The antioxidant defense system plays a crucial role in protecting cells and cell membranes against oxidative damage, thus maintaining normal physiological functions of the body [
44]. Antioxidant enzymes are important indicators and serve as markers for animal health and their response to external stimuli [
12]. Excessive production of reactive oxygen species (ROS) disrupts cellular redox balance, causing metabolic disorders and impairments in genetic material. SOD and CAT are widely recognized as antioxidant enzymes in fish responsible for scavenging excessive ROS, indicating stronger antioxidant properties within the fish’s body [
45,
46]. MDA is the product resulting from the reaction between oxygen free radicals and lipid oxidation. Its content reflects the degree of lipid peroxidation and damage to cell membranes [
47]. It has been reported that gossypol readily binds to proteins in the electron transport chain of mitochondria, thereby disrupting mitochondrial function and inducing excessive production of ROS, consequently inhibiting various enzyme activities and initiating oxidative damage [
48]. Studies have demonstrated that high dietary CPC replacement levels result in decreased liver antioxidant capacity (SOD, CAT, GSH-PX) or reduced expression of antioxidant-related genes in largemouth bass [
11] and Ussuri catfish (
Pseudobagrus ussuriensis) [
44]. Another study revealed that high substitution ratios of FM with a mixture of Clostridium ethanolic protein and CPC (1:1) could diminish the antioxidant capacity in rainbow trout [
49]. The findings from this study suggest that an increase in CPC substitution content within FM tends to decrease T-SOD and CAT activities. Notably, the T45 group exhibits significantly lower T-SOD and CAT activities compared to the T0 group, but there was no significant difference in MDA content. These findings suggest that elevated dietary CPC diminish the antioxidant capacity of juvenile hybrid culter, but the increased dietary CPC did not cause more serious oxidative damage to the liver. Indeed, this conclusion was further confirmed by the results of liver morphology and the number of hepatocyte cell nuclei. However, contrasting findings have been reported in previous studies: SOD activity was found to be enhanced in golden pompano [
12], while no significant effect on MDA content was observed for the replacement of FM with CPC. These discrepancies may be attributed to variations in feed formulations or stress resistance of fish species.

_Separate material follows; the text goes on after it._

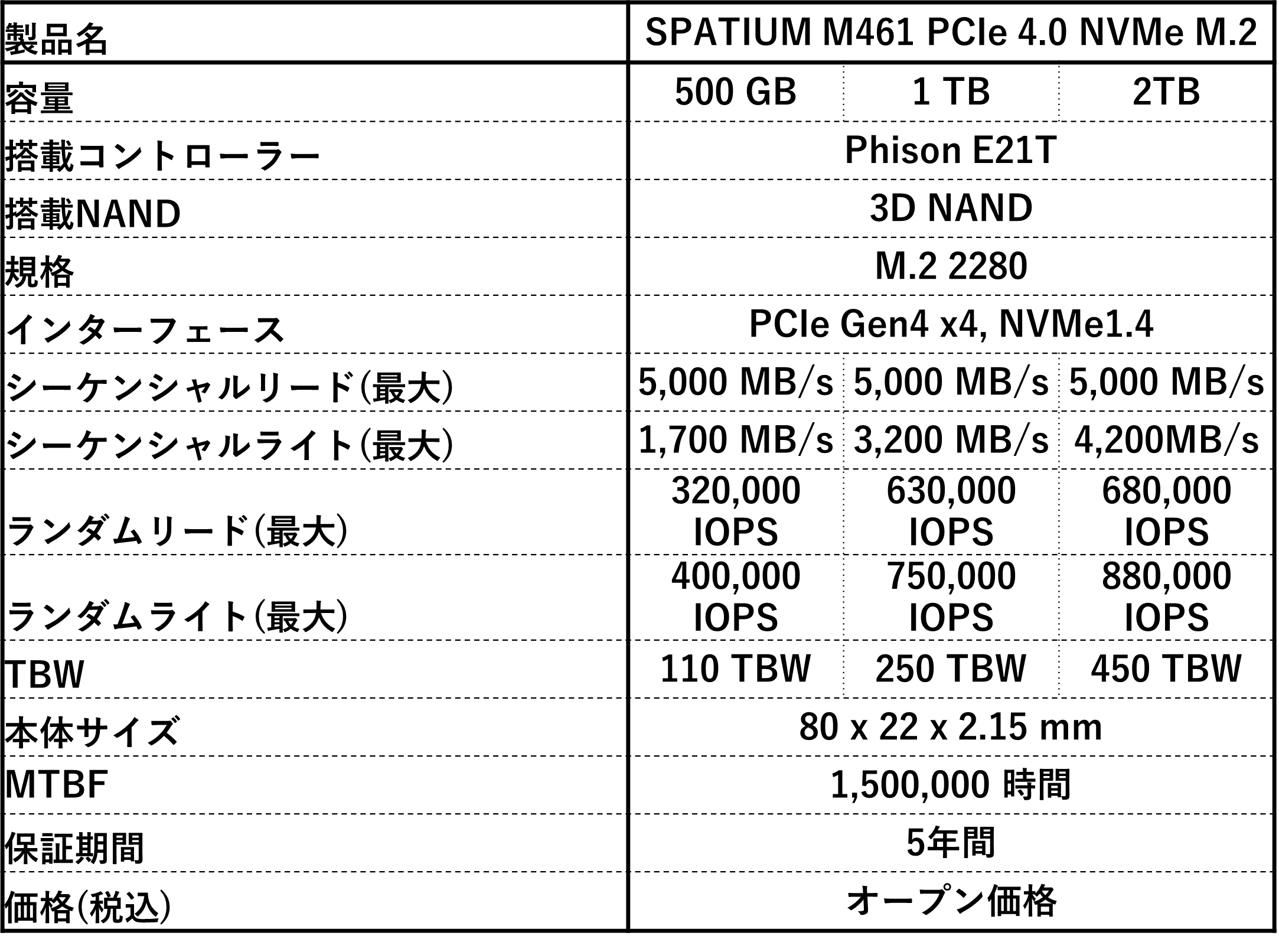 【SPATIUM M461 PCIe 4.0 NVMe M.2 シリーズの主な特徴】

The intestine functions as the primary organ responsible for digestion and absorption of nutrients in fish, playing a crucial role in normal growth and development. The dimensions of villus height and width within the intestine determine the surface area of contact between mucosal epithelial cells and chyme, while the thickness of the muscle layer facilitates intestinal peristalsis and advancement of chyle [
49]. Studies have shown that high CPC levels (CPC60) in diets can lead to intestinal morphological changes (including villus height and number of goblet cells, etc.) [
11]. The reduction in intestinal villus height may contribute to inhibition of growth performance. Furthermore, higher replacement level of CPC has been found to significantly decrease both the height and width of intestinal villi in rainbow trout [
35], large yellow croaker [
43], and largemouth bass [
1]. The inclusion of a mixture consisting of clostridium ethanol protein and CPC (1:1) as a substitute for FM resulted in significant reductions in villus height, villus width, and muscle layer thickness within the intestines of rainbow trout [
49]. Similarly, substituting FM with low gossypol cottonseed meal can induce morphological damage to the intestines of silver sillago (
Sillago sihama) [
9]. The findings from this study revealed that the T45 group, which had a high proportion of CPC replacement, exhibited significantly decreased intestinal villi height compared to the control group, consistent with previous research [
1,
35,
43,
49]. These results demonstrate a notable decline in intestinal villi height of hybrid culter when replacing FM with a high proportion of CPC.